*** Supplied information ***

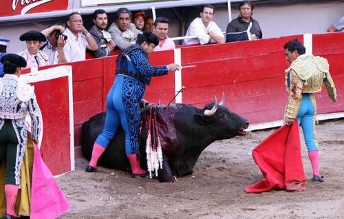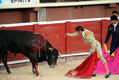 8.06. The matador stabs the bull with the sword intended to kill the bull.
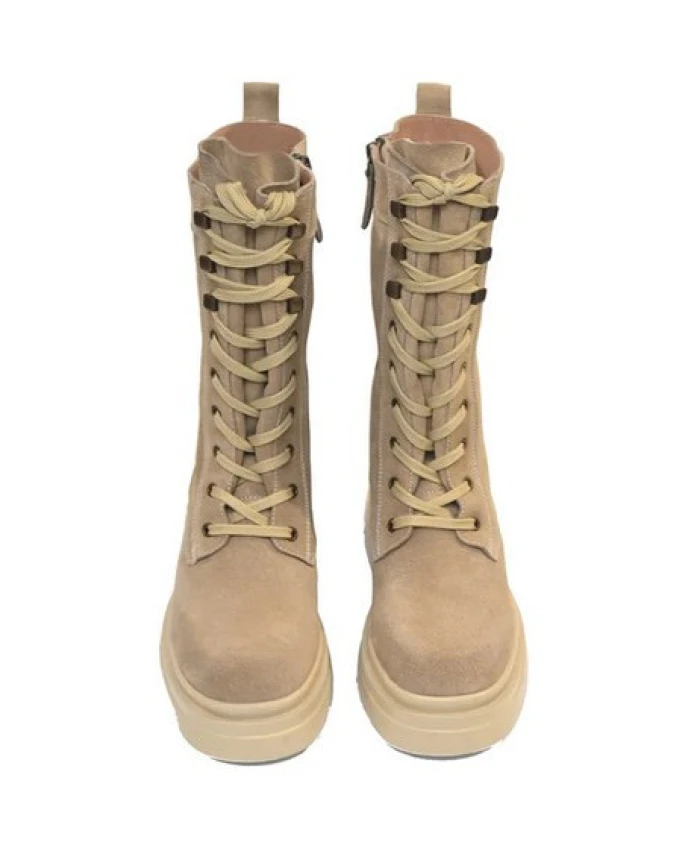 Ботинки Emanuelle Vee Hero на шнуровке сочетают в себе замшевую отделку и боковую молнию для удобства надевания и снимания. Внутренняя отделка из кожи и мягкая стелька обеспечивают комфорт на каждый день благодаря резиновой подошве высотой 5 см. Ключевые особенности: Бежевый | Замша | Застежка на шнуровке с помощью молнии | Мягкая стелька | Шнуровка спереди | Боковая молния для удобства застегивания | Кожаная подкладка и мягкая стелька | Размеры и посадка: Высота подошвы: 5 см | Высота голенища: 24 см | Состав и уход: Замша | Кожа (подкладка и стелька) | Резиновая подошва
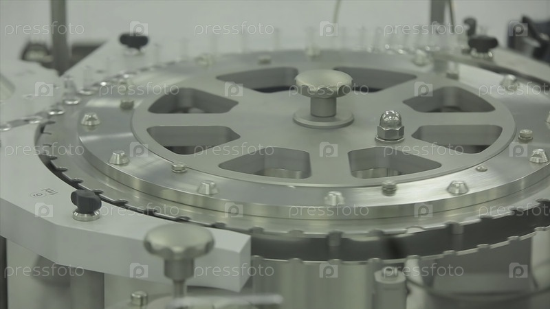 Фармацевтическая промышленность. Производственная линия машинного конвейера со стеклянными бутылками ампул на заводе. Таблетки или капсулы счетчика на фабрике. Наука и медицина
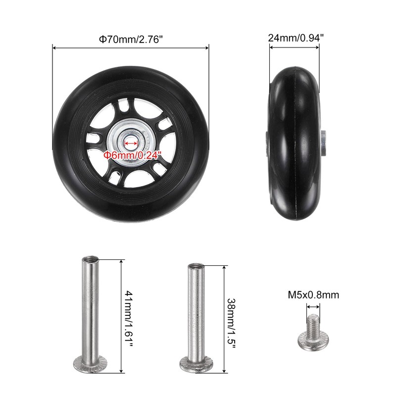 - Reasonable Size: Each luggage wheel measures 70mm/2.76" in outside diameter, the inner diameter is about 6mm/0.24", and the depth is 24mm/0.94". The screw size is M5x0.8mm.

*** End of Supplied information ***

#### Problem requirements:
Once the pictures are removed, repeat all of the data above exactly.

#### Response:
 8.06. The matador stabs the bull with the sword intended to kill the bull.
 Ботинки Emanuelle Vee Hero на шнуровке сочетают в себе замшевую отделку и боковую молнию для удобства надевания и снимания. Внутренняя отделка из кожи и мягкая стелька обеспечивают комфорт на каждый день благодаря резиновой подошве высотой 5 см. Ключевые особенности: Бежевый | Замша | Застежка на шнуровке с помощью молнии | Мягкая стелька | Шнуровка спереди | Боковая молния для удобства застегивания | Кожаная подкладка и мягкая стелька | Размеры и посадка: Высота подошвы: 5 см | Высота голенища: 24 см | Состав и уход: Замша | Кожа (подкладка и стелька) | Резиновая подошва
 Фармацевтическая промышленность. Производственная линия машинного конвейера со стеклянными бутылками ампул на заводе. Таблетки или капсулы счетчика на фабрике. Наука и медицина
 - Reasonable Size: Each luggage wheel measures 70mm/2.76" in outside diameter, the inner diameter is about 6mm/0.24", and the depth is 24mm/0.94". The screw size is M5x0.8mm.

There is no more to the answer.